Moreover, these systems usually carefully limit the questions that can be asked so that the computer can answer reliably— or answer at all. The problem is reminiscent of Gödel's theorem from mathematics: any system that is complex enough to be useful also encompasses unanswerable questions, much like sophisticated versions of the basic paradox "This sentence is false." To avoid such problems, traditional knowledge-representation systems generally each had their own narrow and idiosyncratic set of rules for making inferences about their data. For example, a genealogy system, acting on a database of family trees, might include the rule "a wife of an uncle is an aunt." Even if the data could be transferred from one system to another, the rules, existing in a completely different form, usually could not.

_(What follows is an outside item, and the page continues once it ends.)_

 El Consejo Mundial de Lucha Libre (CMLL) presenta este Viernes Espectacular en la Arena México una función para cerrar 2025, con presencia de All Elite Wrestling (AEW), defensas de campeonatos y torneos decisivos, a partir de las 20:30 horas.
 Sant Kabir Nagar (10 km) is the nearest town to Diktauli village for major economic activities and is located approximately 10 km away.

Semantic Web researchers, in contrast, accept that paradoxes and unanswerable questions are a price that must be paid to achieve versatility. We make the language for the rules as expressive as needed to allow the Web to reason as widely as desired. This philosophy is similar to that of the conventional Web: early in the Web's development, detractors pointed out that it could never be a well-organized library; without a central database and tree structure, one would never be sure of finding everything. They were right. But the expressive power of the system made vast amounts of information available, and search engines (which would have seemed quite impractical a decade ago) now produce remarkably complete indices of a lot of the material out there. The challenge of the Semantic Web, therefore, is to provide a language that expresses both data and rules for reasoning about the data and that allows rules from any existing knowledge-representation system to be exported onto the Web.

Adding logic to the Web—the means to use rules to make inferences, choose courses of action and answer questions—is the task before the Semantic Web community at the moment. A mixture of mathematical and engineering decisions complicate this task. The logic must be powerful enough to describe complex properties of objects but not so powerful that agents can be tricked by being asked to consider a paradox. Fortunately, a large majority of the information we want to express is along the lines of "a hex-head bolt is a type of machine bolt," which is readily written in existing languages with a little extra vocabulary.

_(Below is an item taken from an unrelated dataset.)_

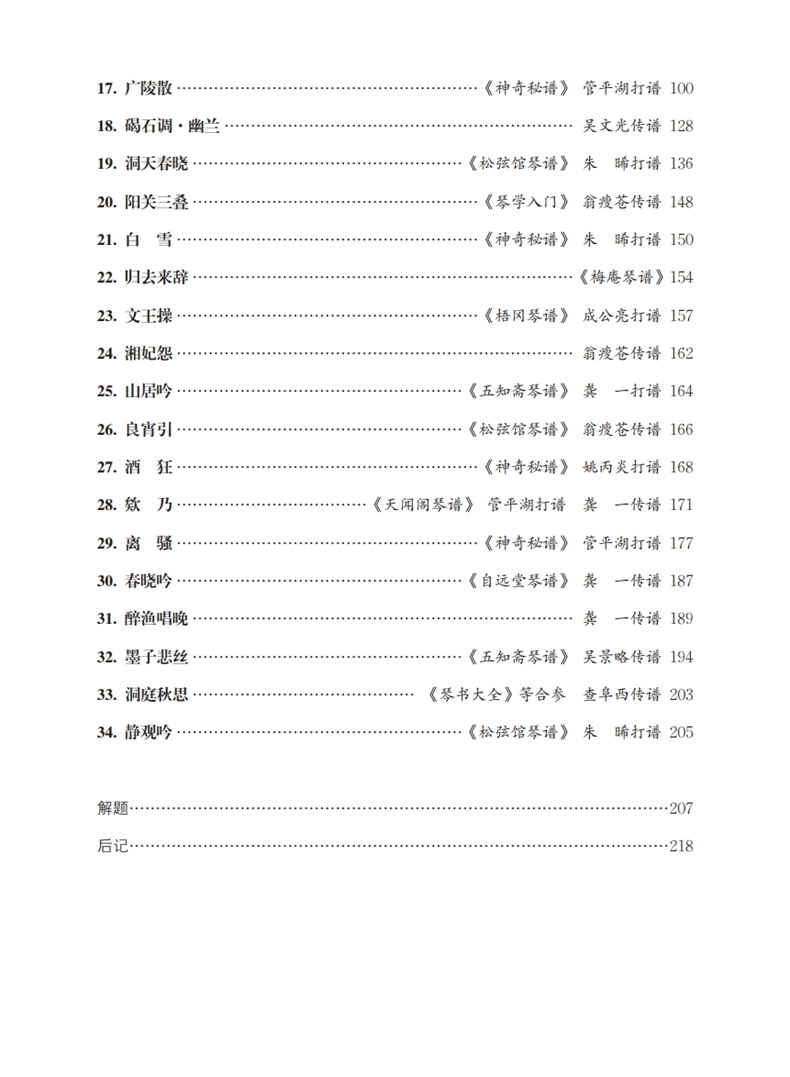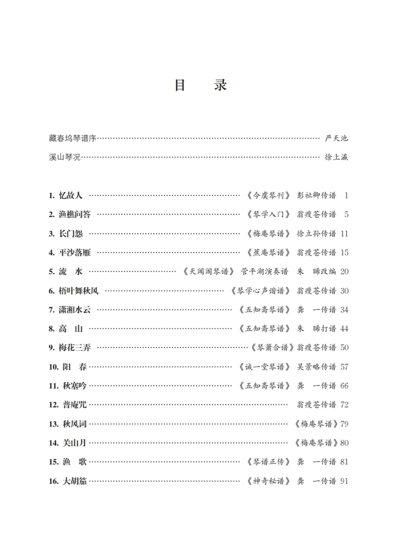本书是由著名古琴演奏家、虞山琴派国家级代表性传承人朱晞编著的一本古琴谱,以五线谱加减字谱的形式呈现。全书共34首古琴经典曲目,如《忆故人》《流水》《梅花三弄》《潇湘水云》等。琴谱前收录了两篇重要的虞山派琴论——《藏春坞琴谱序》和《溪山琴况》,琴谱后收录了作者撰写的乐曲解题。本书34首琴曲均配有作者的演奏音频。

Two important technologies for developing the Semantic Web are already in place: eXtensible Markup Language (XML) and the Resource Description Framework (RDF). XML lets everyone create their own tags—hidden labels such as or that annotate Web pages or sections of text on a page. Scripts, or programs, can make use of these tags in sophisticated ways, but the script writer has to know what the page writer uses each tag for. In short, XML allows users to add arbitrary structure to their documents but says nothing about what the structures mean.

Meaning is expressed by RDF, which encodes it in sets of triples, each triple being rather like the subject, verb and object of an elementary sentence. These triples can be written using XML tags. In RDF, a document makes assertions that particular things (people, Web pages or whatever) have properties (such as "is a sister of," "is the author of") with certain values (another person, another Web page). This structure turns out to be a natural way to describe the vast majority of the data processed by machines. Subject and object are each identified by a Universal Resource Identifier (URI), just as used in a link on a Web page. (URLs, Uniform Resource Locators, are the most common type of URI.) The verbs are also identified by URIs, which enables anyone to define a new concept, a new verb, just by defining a URI for it somewhere on the Web.

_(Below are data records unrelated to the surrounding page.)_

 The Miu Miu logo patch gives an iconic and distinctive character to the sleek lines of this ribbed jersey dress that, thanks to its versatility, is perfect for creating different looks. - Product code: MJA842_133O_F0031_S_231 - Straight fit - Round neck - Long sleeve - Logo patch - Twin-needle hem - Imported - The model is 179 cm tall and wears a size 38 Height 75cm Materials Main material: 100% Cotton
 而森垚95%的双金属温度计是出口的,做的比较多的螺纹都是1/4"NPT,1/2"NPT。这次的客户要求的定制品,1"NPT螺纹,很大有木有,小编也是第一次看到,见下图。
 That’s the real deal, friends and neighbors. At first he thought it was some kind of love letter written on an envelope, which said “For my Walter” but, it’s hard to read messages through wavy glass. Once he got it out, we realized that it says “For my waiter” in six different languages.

Human language thrives when using the same term to mean somewhat different things, but automation does not. Imagine that I hire a clown messenger service to deliver balloons to my customers on their birthdays. Unfortunately, the service transfers the addresses from my database to its database, not knowing that the "addresses" in mine are where bills are sent and that many of them are post office boxes. My hired clowns end up entertaining a number of postal workers—not necessarily a bad thing but certainly not the intended effect. Using a different URI for each specific concept solves that problem. An address that is a mailing address can be distinguished from one that is a street address, and both can be distinguished from an address that is a speech.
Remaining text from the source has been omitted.